Department of Chemistry, Amgen Inc., 1120 Veterans Boulevard, South San Francisco, CA 94080, USA.
Bioorg Med Chem Lett. 2010 Jan 15;20(2):493-8. doi: 10.1016/j.bmcl.2009.11.112. Epub 2009 Nov 26.

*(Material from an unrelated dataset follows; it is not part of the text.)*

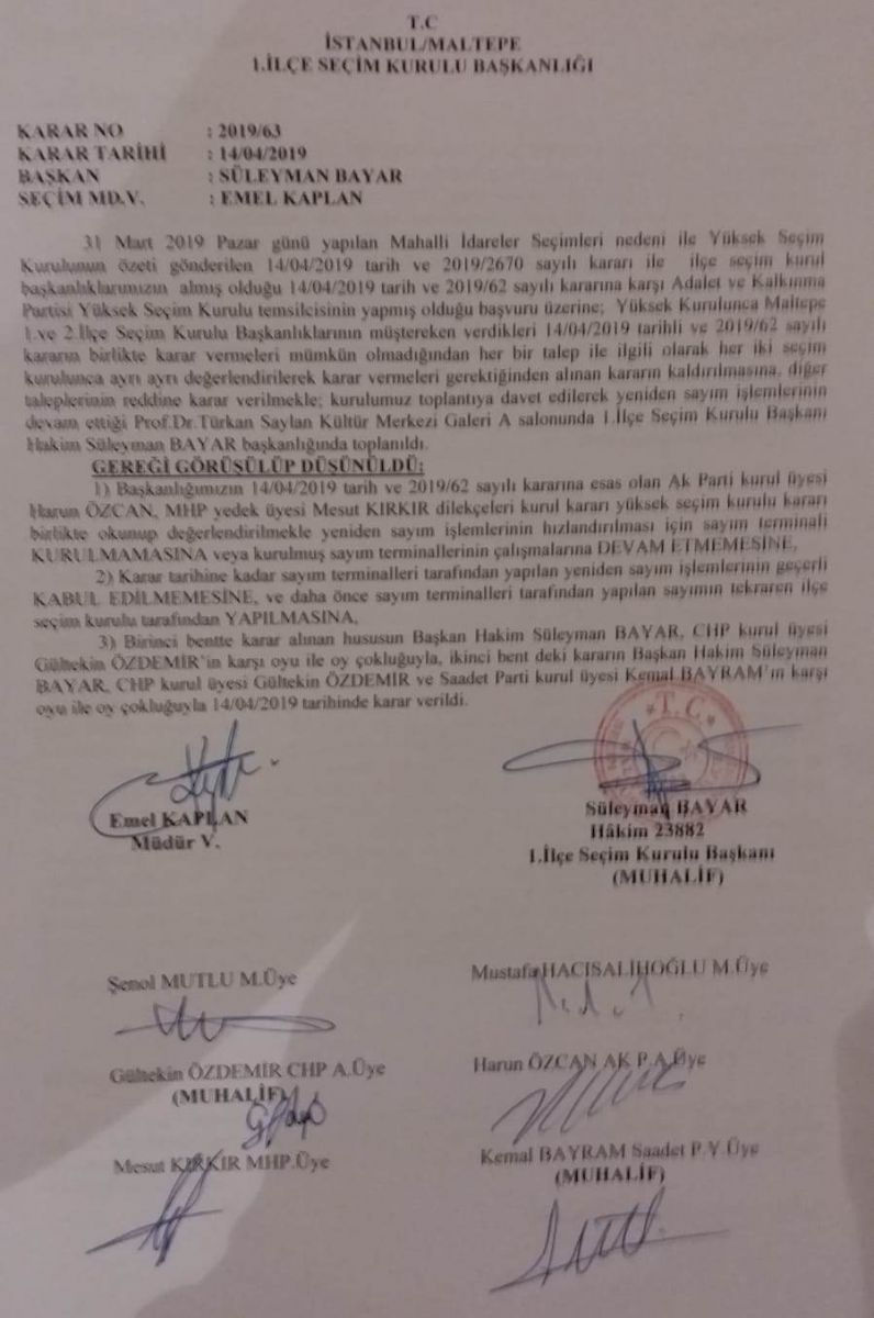 YSK'nın 14.04.2019 tarih ve 2019/2670 sayılı kararı ve ilçe seçim kurul başkanlığının 14.04.2019 tarih ve 2019/62 sayılı kararına karşı Adalet ve Kalkınma Partisi Yüksek seçim kurulu temsilcisinin yaptığı başvuru üzerine; Yüksek Kurulunca Maltepe 1. ve 2. Seçim Kurulu Başkanlıklarının müştereken verdikleri 14.04.2019 tarihli ve 2019/62 sayılı kararın birlikte karar vermeleri mümkün olmadığından her bir talep ile ilgili olarak her iki seçim kurulunca ayrı ayrı değerlendirilerek karar vermeleri gerektiğinden alınan kararın kaldırılmasına, diğer taleplerinin reddine karar verilmekle; kurulumuz toplantıya davet edilerek yeniden sayım işlemlerinin devam ettiği Prof. Dr. Türkan Saylan Kültür Merkezi Galeri A salonunda 1. ilçe Seçim Kurulu Başkanı Hakim Süğleymen Bayar başkanlığında toplandı...

Free fatty acid receptor 2 (FFA2) is a G-protein coupled receptor for which only short-chain fatty acids (SCFAs) have been reported as endogenous ligands. We describe the discovery and optimization of phenylacetamides as allosteric agonists of FFA2. These novel ligands can suppress adipocyte lipolysis in vitro and reduce plasma FFA levels in vivo, suggesting that these allosteric modulators can serve as pharmacological tools for exploring the potential function of FFA2 in various disease conditions.
游离脂肪酸受体 2(FFA2)是一种 G 蛋白偶联受体,目前仅报道短链脂肪酸(SCFAs)是其内源性配体。我们描述了苯乙酰胺作为 FFA2 别构激动剂的发现和优化。这些新型配体可以在体外抑制脂肪细胞的脂解作用,并降低体内游离脂肪酸水平,这表明这些别构调节剂可以作为药理学工具,用于探索 FFA2 在各种疾病状态下的潜在功能。